The second is for enterprise fund budgets. The enterprise fund budgets supported by user fees include water, wastewater, electricity, solid waste and harbor moorage. Rate increases in the budget are 3% for electricity; 6% for water; 8.5% for wastewater; 6.75% for solid waste, and 7.3% for moorage. Other enterprise funds are for the Gary Paxton Industrial Park, airport terminal and Marine Service Center.  

The budget cites the effect of 5% inflation on operating costs as among the reasons for the rate hikes.

City staff said the overall takeaway from Assembly budget work sessions were to continue taking an “optimistic but cautious approach” on the general fund budget. On the revenue side, sales tax revenue is projected to grow by 3 percent, reflecting “conservative increases from the level of growth seen during last season’s tourism season.”

The expense side reflects growth as well. “Both inflation, increased tourism, and maintaining momentum on improvements in municipal operations continue to impact the expenditure-side of the budget, resulting in an increase of 14% from spending anticipated through the end of the current year,” the budget memo says.

City Administrator John Leach said in his budget letter that the economy remains volatile since the pandemic, with inflation “stubbornly high.”

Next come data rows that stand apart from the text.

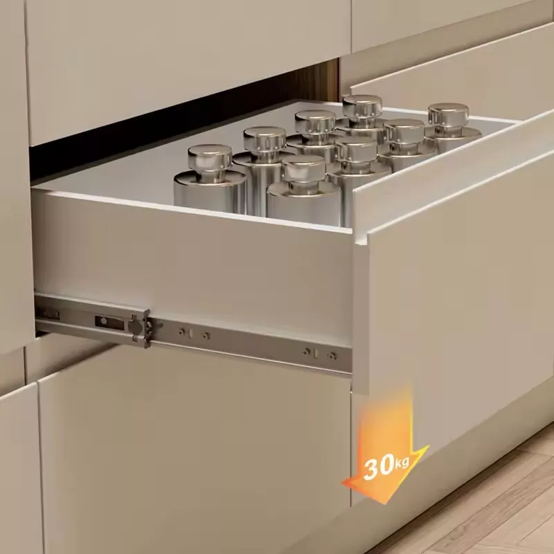 Het eerste om te overwegen is de materiële selectie. Er zijn twee veel voorkomende soorten lunners: kogellager en poelie. Kogellagertypen glijden soepeler, terwijl poelietypen betaalbaarder zijn. Keukens en badkamers zijn vaak vochtige omgevingen en schuifrails van slechte kwaliteit zijn vatbaar voor roest. Dit verhoogt de wrijving en veroorzaakt ernstige blokkade bij het uittrekken van laden of kastdeuren. Na verloop van tijd kan dit schade veroorzaken en de levensduur van het meubilair aanzienlijk verminderen. Daarom vereisen zachte dia's van de dichte lade een bepaalde corrosieweerstand om zich aan te passen aan dergelijke vochtige omgevingen. Aluminiumlegering, gegalvaniseerd staal of roestvrij staal worden meestal gebruikt. HY bronnen al zijn materialen van gerenommeerde binnenlandse fabrikanten en zorgt voor stabiele kwaliteit en prestaties.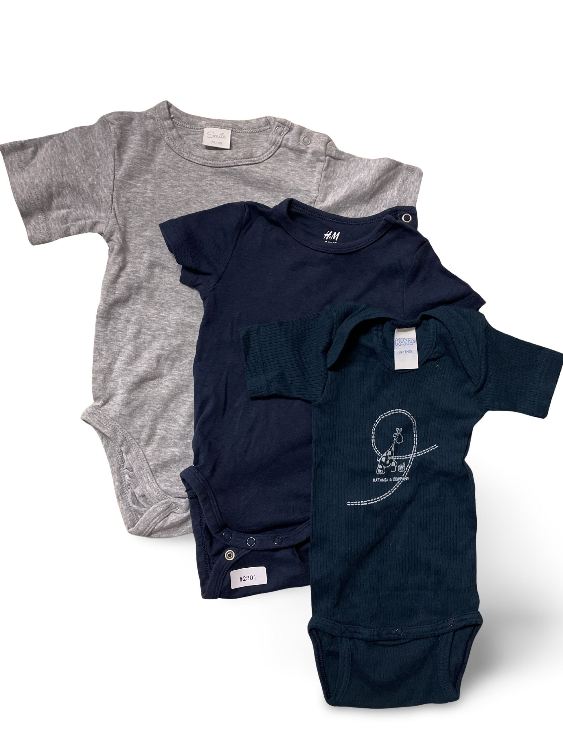 3er Bundle Strampler kurzarm blau grau petrol - Gr. 74
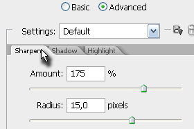 V novem oknu označite zavihek Sharpen in nastavite iste vrednosti kot jaz. Ne zaprite še okna ... |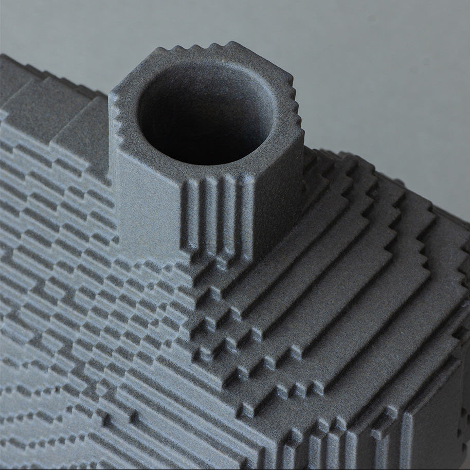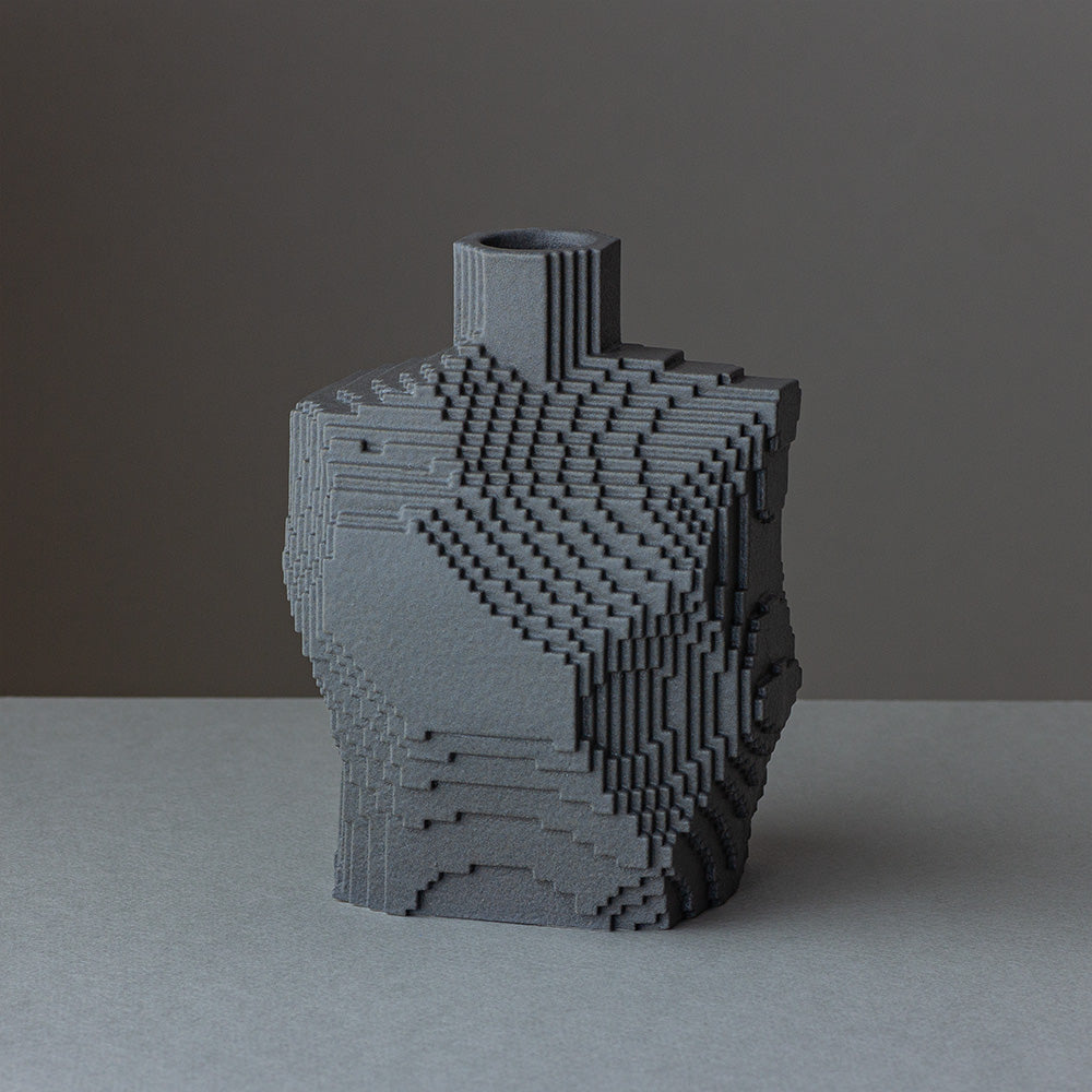 Generated through programming, the voxel structure creates a surreal impression—as if an object from the digital world has stepped directly into the physical one.

“This puts pressure on the CBS across the board but has an out-sized impact on the cost of capital projects,” he said in the letter. “While there are more opportunities for federal funding, those are offset by unfunded mandates. Filling positions within the CBS continues to be a challenge and could potentially limit the capacity of the municipality to obtain and implement grant funding.”

A fiscal note included in the FY24 staff budget memo says among the projects this year are to replace utilities in a section of Lake Street, repairing the lift station at Lake and Lincoln Street, and an effluent disinfection system for the wastewater treatment plant in accordance with a new regulation. The city proposes using DEC loan funding for the projects.

The Assembly at tonight’s meeting will also consider Health Needs and Human Services Commission goals, and an appointment to the Sitka Library Commission.